Ольга встретилась взглядом с Грижмором, и тот жестом предложил выйти на улицу. Там он пояснил причину столпотворения.

— Нашли еще одну убитую девушку. Не Маргарет, — тут же поспешил уточнить он, увидев, как изменилась в лице Ольга. — Тот верзила — местный дровосек. Сегодня утром он обнаружил единственную дочь мертвой в овраге за околицей. Накануне они отправились с ней в лес за дровами, но отец задержался на ночь, а девушку послал домой. Мать ничего не знала об этом. Утром он вернулся — дочери нет. Стали искать и нашли только сейчас.

Шум в доме старосты усилился, выкрики стали слышны даже на улице. Вдруг дверь распахнулась, и из дома начали один за другим вылетать люди.

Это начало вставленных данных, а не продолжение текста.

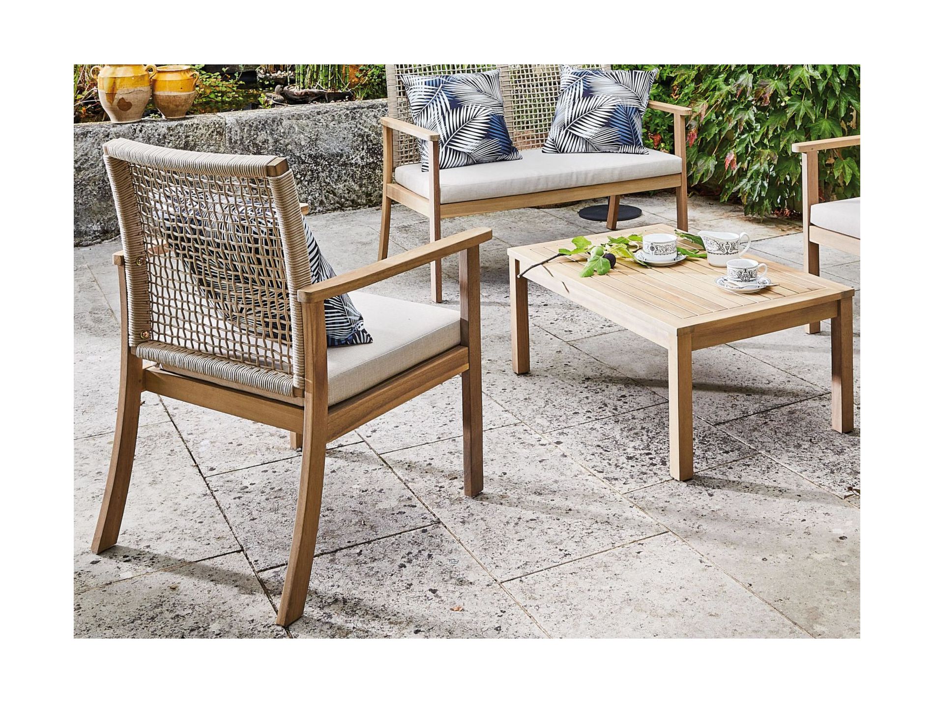 Sa structure en acacia FSC assure une bonne tenue dans le temps tout en apportant un aspect naturel. L'assise en résine tressée contribue à un entretien simple et à une utilisation adaptée en extérieur. Les coussins déhoussables en polyester offrent un confort agréable et facilitent le nettoyage au quotidien.

— Пошли прочь, негодяи! — послышался громоподобный голос старосты. Два дюжих молодца, работавшие у него кем-то вроде вышибал, проворно вышвыривали скандалистов, кое-кому еще и отвешивая напоследок пинка.

— Заходите! — зычно скомандовал староста Ольге и Грижмору. Те поспешно вернулись, и охранники тут же закрыли за ними дверь.

В доме остались только они и дровосек с женой, сидевшие у стены. Старуха хозяйка, как могла, утешала их.

— Горе пришло и в нашу деревню, — мрачно произнес староста. — Я сегодня же пошлю извещение в Веенпарк. Мои парни отправятся на север, в Сонмер, — старик кивнул на дюжих молодцев, — авось им посчастливится встретить красношляпника. Или хотя бы предупредить тамошних.

— Я поеду с ними, — тихо проговорила Ольга. Староста удивленно посмотрел на нее, но она достала мешочек карлика. — Лента могла принадлежать моей дочери. Я должна сделать все, чтобы ее найти. Можно спросить этих людей кое о чем?

Не дождавшись разрешения, Ольга подошла к дровосеку и его жене. Женщина была вне себя от горя, ее лицо выражало такое отчаяние, что Ольга не решилась к ней обратиться. Дровосек недоумевающе глянул пустыми глазами.

— Что вам угодно? — глухо произнес он без всякой интонации.

— Я ищу свою дочь, — прямо сказала Ольга, и от ее слов плечи женщины вздрогнули. — Сколько лет было вашей девочке?

— Пятнадцатый год пошел, — дровосек тяжело вздохнул.

— Как она умерла?

— Горло, — мужчина издал какой-то булькающий звук. — Этот зверь перерезал ей горло.

— У нее ничего не пропало?

— Что может пропасть у дочери бедняка? — с горечью произнес дровосек. — Лента да дешевенькое колечко?

— Это не ее вещь? — осторожно спросила Ольга, показав красную ленту, но дровосек покачал головой.

— Я не знаю.

При виде ленты жена дровосека вновь разразилась горькими рыданиями.

— Оставьте нас, прошу, — шепотом произнес дровосек. Ольга больше не посмела тревожить безутешных родителей и вернулась к старосте.

— Когда выезжаем? — обратилась она к старику.

— Парни готовы. Велю старухе собрать вам еды.

— Благодарю, — Ольга протянула старосте серебряную монету, но тот отказался.

— Что ж мы, нелюди какие, — печально возразил он. — Ищите свою дочь. А мы будем молиться, чтобы она оказалась жива.

Ольга коротко простилась со старостой и вышла на улицу распорядиться насчет коней.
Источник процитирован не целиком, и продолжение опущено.